Yes Ian, that's what it could come down to, just sit things out until the wind blows another way.
But as can be seen in Lee's post & the Nihonto Message Board discussion, there is certainly a degree of confusion about the present situation. However, if we take a strictly rational position which is in accord with the provisions of the legal framework that dictates what the tariff, if any, should be, it might be possible to dispel some of this confusion.
The item that began the Nihonto discussion is a Japanese sword, it is able to be classified by application of the HTS provisions as either a collectable item of ethnographic interest or as an antique. To determine the correct classification this must be determined in accordance with its primary interest, so it is required to be able to present an argument that supports either a primary interest as an antique, or a primary interest as an ethnographic collectable.
The pivotal question is this:- is this item collectable because it is an antique, or is it collectable because it is of ethnographic interest?

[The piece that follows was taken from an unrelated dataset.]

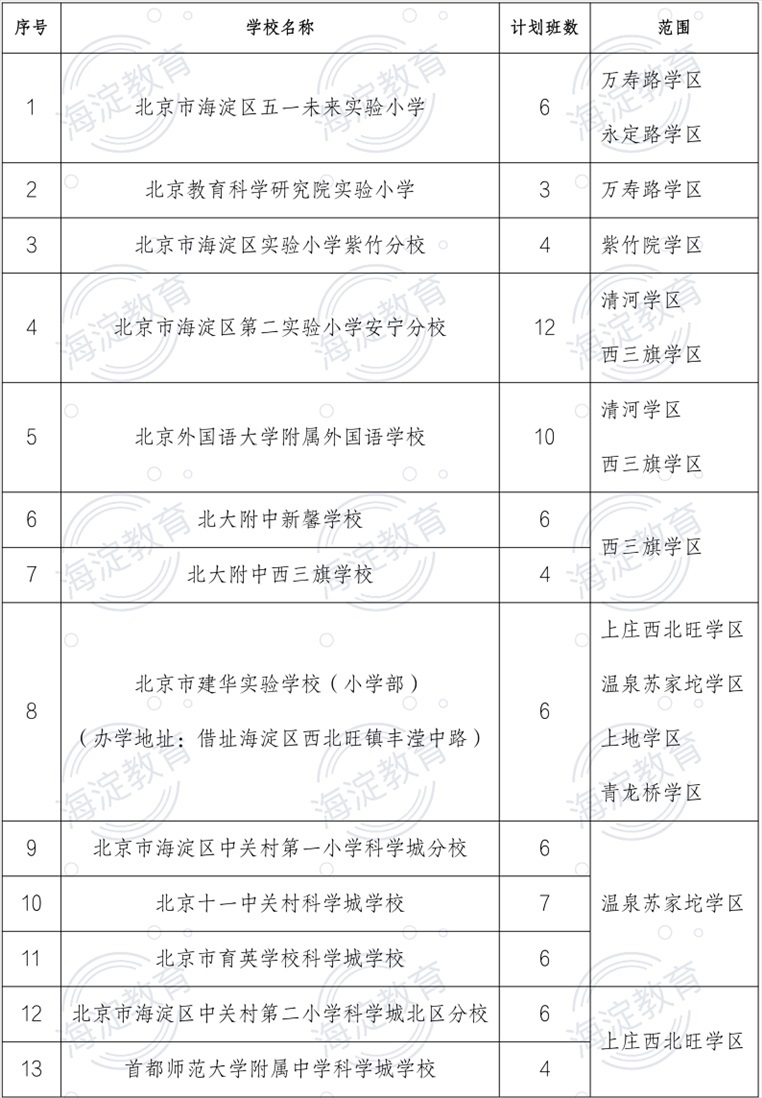 持有海淀區(qū)《學(xué)齡人口信息采集表》的適齡兒童且戶(hù)口所在地或者實(shí)際居住地屬于萬(wàn)壽路學(xué)區(qū)、永定路學(xué)區(qū)、羊坊店學(xué)區(qū)、八里莊學(xué)區(qū)、紫竹院學(xué)區(qū)、海淀學(xué)區(qū)、中關(guān)村學(xué)區(qū)、北太平莊學(xué)區(qū)、上地學(xué)區(qū)、青龍橋?qū)W區(qū)、清河學(xué)區(qū)、西三旗學(xué)區(qū)、上莊西北旺學(xué)區(qū)、溫泉蘇家坨學(xué)區(qū)之一,對(duì)應(yīng)范圍內(nèi)的兒童僅可填報(bào)一所公辦中學(xué)舉辦小學(xué)部及新建小學(xué)。

In my opinion, a good barrister could frame a convincing argument for either case. But we cannot have both classifications, the tariff must be decided under only one classification. In this situation we opt for the most favourable classification and comply strictly with all government required actions. I doubt that we would want a lawyer involved.
The value of the item is not relevant in determining the applicable tariff, most especially is it not relevant now, since the $800 threshold has been removed. It may well be that the value of an imported item could generate some impact on the cost of importation, but as far as determination of a classification under the HTS Schedule, that value is not something to be considered.
The only thing that is relevant is how the item should be classified, and there is a framework within which that can be achieved.
In my initial post to this thread I included a link to the Customs & Border Protection ruling that clarifies the way in which the responsible authorities consider matters such as this. Here is that link again:-
https://rulings.cbp.gov/ruling/N346428
This official ruling could be used as a model for preparation of a supporting document for the HTS classification used.
In the case of an item of high value, it might be advisable to use a professional service to deal with a matter such as this, but I believe that where the value of an item is of a comparatively low value, then the required documentation could easily be provided by the seller. We are considering this matter as it presently applies to import into the USA, but in fact, a similar situation has applied in Europe for many years, and can be satisfied by provision of an invoice or warrant statement.
I would welcome any information that can demonstrate that what I have written above is incorrect or inaccurate.